If updates are required, this requires a host with an SFTP client (part of the openssh-clients RPM package). The procedure is documented in the Appendix A:
Make sure that the subnet manager (SM) is not running on the switch:
Edge-> smControl
Subnet manager is not started.
Display versions by:
bcfwversion
biosversion
You must read the detailed instructions in Appendix A at this time before performing the upgrade.
Use SFTP on a remote host to upload firmware files to the OPA switch:
$ sftp admin@opa-switch
...
Connected to opa-switch.
sftp>
Upload the BIOS file from the current directory:
$ sftp> put QA3ER962.q7.spkg /firmware/bios.pkg update
On the OPA switch CLI monitor the update progress until completed (this takes several minutes):
Edge-> showLastBiosRetCode -all
Module System BIOS Last Exit Code: 0: Success
Upload the board controller firmware (BCFW) file from the current directory:
sftp> put CGBCP429.q7.spkg /firmware/bcfw.pkg update
On the OPA switch CLI monitor the update progress until completed:
Edge-> showLastBcFwRetCode -all
Module Board Controller Firmware Last Exit Code: 0: Success
If everything is OK, reboot the switch via CLI:
Edge-> reboot
After rebooting verify versions by:
bcfwversion
biosversion
Firmware update on unmanaged switch
The CLI tool opaswitchadmin
is used for unmanaged switch operations, see man opaswitchadmin
.
This command is part of the RPM package:
rpm -q opa-fastfabric
To select individual or subsets of switches, see the Intel® Omni-Path Fabric Suite FastFabric User Guide section 3.3.2.3 Selection of Switches:
To perform operations against a set of externally-managed switches, you can specify the switch on which to operate using one of the following methods:
On the command line, using the -N option.

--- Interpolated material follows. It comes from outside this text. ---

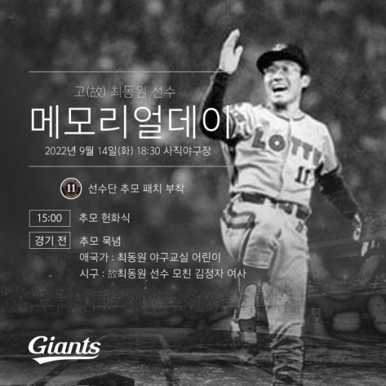롯데는 "14일 부산 사직구장에서 열리는 SSG랜더스와 홈경기에서 고(故) 최동원 선수의 11주기 추모행사를 진행한다"고 12일 밝혔다.

Using the environment variable SWITCHES to specify a space-separated list of switches. Useful when multiple commands are performed against the same small set of switches.

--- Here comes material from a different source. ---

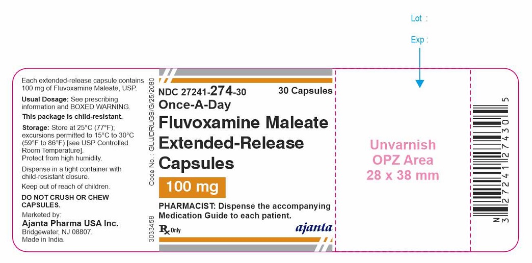 This text provides information about an extended-release capsule containing 100 mg of Fluvoxamine Maleate, USP. It includes details about dosage, storage instructions, child-resistant packaging, warnings, and manufacturer information. The medication should be stored at a specific temperature and protected from high humidity. It is advised not to crush or chew the capsules. The product is marketed by Ajanta Pharma USA Inc. and made in India. The package contains 30 capsules for once-a-day use. Pharmacists are instructed to dispense a Medication Guide to each patient along with the product.*
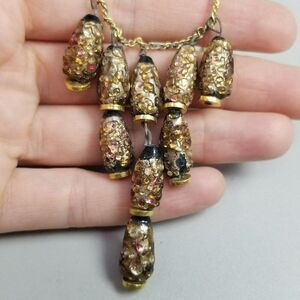 Vintage Black and Brown Glass Bead Drop Fringe Necklace, 16 Inch Chain

Using the -L option or the SWITCHES_FILE environment variable to specify a file containing the set of switches. Useful for groups of switches that are used often. The file is located here: /etc/opa/switches by default. The file must list all switches in the cluster. When the file is changed you must run
opaswitchadmin configure
and reboot the switches.
Within the tools, the options are considered in the following order:
-N <nodes> option
SWITCHES environment variable
-L option
SWITCHES_FILE environment variable
/etc/opa/switches file
On the OPA management host copy the firmware file like:
Intel_PRREdge_V1_firmware.10.8.2.0.6.emfw
To identify leaf/edge switch GUIDs, pull out the tab at the back of the switch and read the GUID.

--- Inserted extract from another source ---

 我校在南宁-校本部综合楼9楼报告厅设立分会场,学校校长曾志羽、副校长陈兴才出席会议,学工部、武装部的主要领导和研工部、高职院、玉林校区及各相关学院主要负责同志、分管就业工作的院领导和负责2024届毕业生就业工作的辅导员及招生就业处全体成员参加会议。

To list all unmanaged switches in the fabric:
opagenswitches
The output should be copied to /etc/opa/switches
by opaswitchadmin
.
To ping the unmanaged switches:
/usr/sbin/opaswitchadmin ping
Report unmanaged switch firmware and hardware Info:
/usr/sbin/opaswitchadmin info
Upgrade switch firmware:
/usr/sbin/opaswitchadmin -a run -P Intel_PRREdge_V1_firmware.10.8.2.0.6.emfw upgrade
Reboot all switches:
/usr/sbin/opaswitchadmin reboot
WARNING: The Reboot Switch action will reboot all switches. To select a subset of switches, use the -N <nodes> flag or other options shown above.
To operate on subsets of switches that are defined in the file specified by -L add flags like:
-L /etc/opa/switches
-L /etc/opa/switch-subset
To install a new firmware on unmanaged switches using the TUI tool:
# opafastfabric
2) Externally Managed Switch Setup/Admin
4) Update Switch Firmware
Enter Files/Directories to use (or none): Intel_PRREdge_V1_firmware.10.8.2.0.6.emfw
6) Reboot Switch # When all is OK
7) Report Switch Firmware & Hardware Info # Verification
WARNING: The Reboot Switch action will reboot all switches.